Your answer should be the exact lines of the data below from the one containing "Roku darbs, dūraiņi" through the one containing "als 6 m² ist"; please include nothing else.
BEGIN Given data
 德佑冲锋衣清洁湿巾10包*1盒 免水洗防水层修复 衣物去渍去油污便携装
END Given data
BEGIN Given data
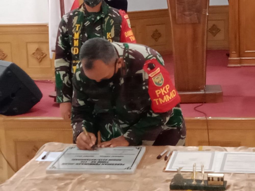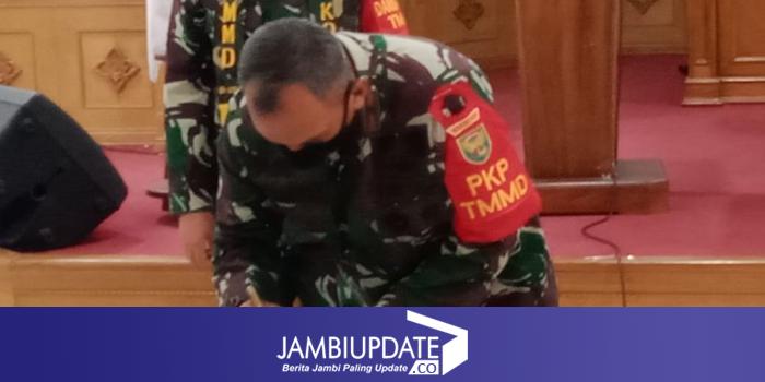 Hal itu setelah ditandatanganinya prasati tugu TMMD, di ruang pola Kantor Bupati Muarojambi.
END Given data
BEGIN Given data
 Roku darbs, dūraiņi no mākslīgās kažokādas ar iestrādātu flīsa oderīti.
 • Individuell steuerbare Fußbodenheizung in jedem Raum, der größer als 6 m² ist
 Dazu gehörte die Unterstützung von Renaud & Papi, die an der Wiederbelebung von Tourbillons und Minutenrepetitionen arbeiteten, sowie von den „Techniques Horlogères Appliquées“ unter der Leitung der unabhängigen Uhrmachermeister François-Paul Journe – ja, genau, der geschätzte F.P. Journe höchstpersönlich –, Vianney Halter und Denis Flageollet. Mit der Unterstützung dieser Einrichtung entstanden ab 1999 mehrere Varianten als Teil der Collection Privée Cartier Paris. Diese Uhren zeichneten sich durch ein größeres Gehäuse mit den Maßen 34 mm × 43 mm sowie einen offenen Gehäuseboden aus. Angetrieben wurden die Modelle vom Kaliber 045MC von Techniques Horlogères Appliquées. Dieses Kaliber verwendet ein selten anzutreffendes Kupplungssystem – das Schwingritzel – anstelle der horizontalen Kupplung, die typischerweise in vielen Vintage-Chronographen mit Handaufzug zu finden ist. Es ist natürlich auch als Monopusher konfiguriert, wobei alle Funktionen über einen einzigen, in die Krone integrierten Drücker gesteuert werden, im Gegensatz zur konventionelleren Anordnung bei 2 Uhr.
END Given data
Solution below
 Roku darbs, dūraiņi no mākslīgās kažokādas ar iestrādātu flīsa oderīti.
 • Individuell steuerbare Fußbodenheizung in jedem Raum, der größer als 6 m² ist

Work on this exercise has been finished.